Suivez les reboiseurs dans leurs rêves et leur dur labeur, au coeur des grands espaces de l'Ouest canadien !
J’ai appris de la femme que j’aime que ce n’est pas le silence qui neutralise les individus, mais l’absence de repères, ceux qui balisent les échanges, le soutien moral et la reconnaissance. Quotidiennement, nous avons su éclairer et guider nos actions de façon commune et le reboisement, la plantation d’arbres dans l’Ouest canadien, nous a servi de balise indiquant le tracé d’une vie rêvée. Le rêve est le fidèle compagnon de sa vie. Plus on s’en rapproche, plus il prend du relief et des couleurs. Les chemins de l’existence se manifestent aussi sur les versants ensoleillés d’une terre mise à nue, couverte d’épilobes.
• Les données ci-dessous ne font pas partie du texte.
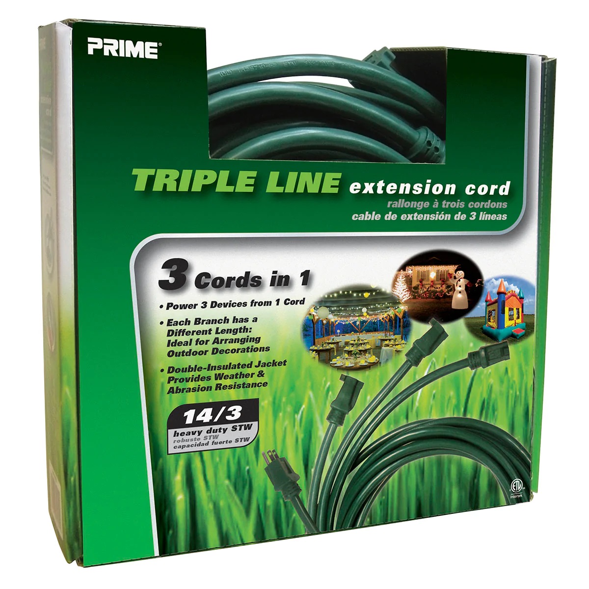 With this unique cord you can power 3 devices from 1 extension cord. The cord is built with length plug to wall at 5ft. Three branches are 3ft, 6ft and 9ft which enables each branch be strategically positioned for outdoor lighting decorations. The double-insulated jacket provides weather and abrasion resistance.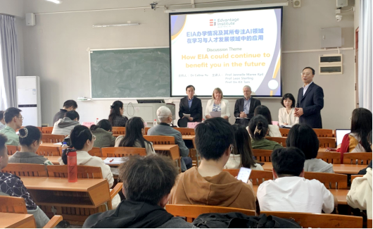下午第二场活动是以“EIA的办学情况及其所专注的AI领域在学习与人才发展领域中的应用”为主题开展的研讨会。我校国际交流与合作处王文忠处长、3044永利集团登录院长回雁雁教授、数据科学学院副院长叶仕通副教授、数据科学学院和金融学院部分教师以及我校学生参与本次研讨会。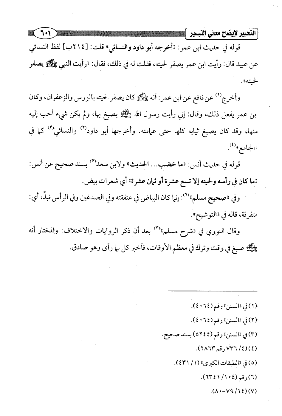 قوله في حديث ابن عمر: "أخرجه أبو داود والنسائي" قلت: [214 ب] لفظ النسائي عن عبيد قال: رأيت ابن عمر يصفر لحيته، فقلت له في ذلك، فقال: "رأيت النبي - صلى الله عليه وسلم - يصفر لحيته".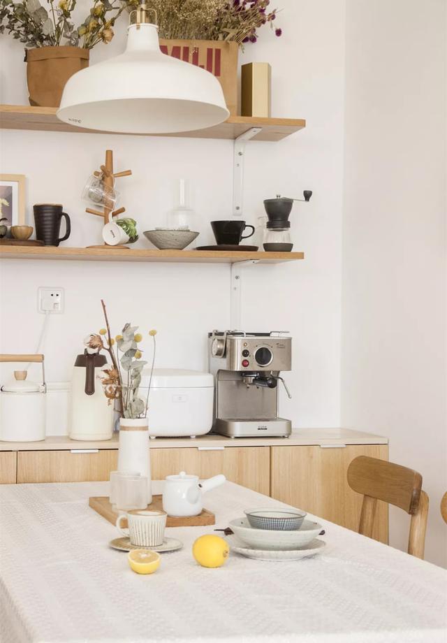 厨房台面太少,小家电大多挪出来,放在餐边柜上面。墙上加了两道搁板,高度间距30cm,深25cm,可以放置许多餐具,这里自然成了简易咖啡角。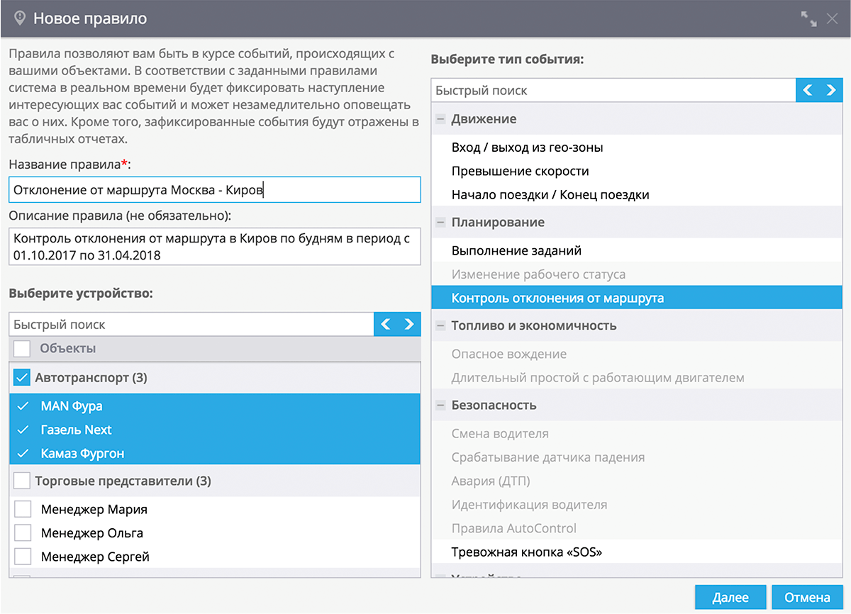 Незамедлительно узнавайте о важных событиях и вовремя реагируйте на изменения. Для получения уведомлений достаточно создать новое правило: выберите нужные объекты и событие из списка.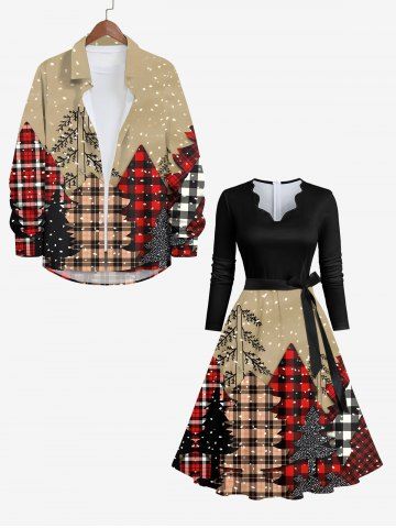 Dresses > Plus Size Christmas Plaid Tree Snowflake Print Lettuce A Line Dress with Tied Belt

Découvrez, dans ce roman, comment les rêves de liberté du narrateur se retrouvent mêlés à un quotidien gouverné par la productivité.
EXTRAIT
Occasionnellement, dans les terrains les plus dégagés, je chante en travaillant. Pour un moment, chanter ou siffloter un air agréable permet d’évacuer les nombreux soucis empilés par l’esprit. Dans le reboisement, lorsqu’on a développé adéquatement les gestes et les déplacements routiniers de la plantation, on peut se permettre de penser à autre chose tout en poursuivant l’abrutissant labeur de planter des arbres. Même si parfois les gardes forestiers du ministère de la Faune nous accompagnent avec de longs fusils pour assurer notre protection en forêt, se manifester haut et fort permet d’apaiser les craintes qui relèvent de la fabulation. J’anticipe toujours la présence de cette bête menaçante, le roi de la forêt continentale qui rôde continuellement dans le buisson de mon imaginaire ; l’ours Grizzli. Mais enfin ! Je plante des arbres aux rythmes de musiques du monde que je pige sur la carte mémoire de mes souvenirs. Je travaille en économisant les gestes, sans m’arrêter, parce que je n’ai rien d’autre de concret à faire que de planter les boutures d’arbres qui défilent de mes sacs, à ma main, à la tranchée au sol fait à l’aide de ma pelle que je referme sec, d’un coup de pied. Je chante presque toujours les mêmes rengaines en jonglant avec des vers à moitié oubliés dans un milieu hostile où la cadence de production représente ma rémunération. Jouer avec la musicalité de l’esprit accroît grandement la capacité de résilience.
À PROPOS DE L'AUTEUR
Benoit Asselin est un passionné de voyages et de découvertes. Depuis son plus jeune âge, il a dévoré les livres pour se nourrir de lectures afin de mieux comprendre la trajectoire des hommes. Il écrit depuis 1998 et, depuis, il écrit tous les jours. Bien naturellement, l’écriture a pris toutes sortes de directions et elle lui permet, aujourd’hui, de défendre sa propre humanité.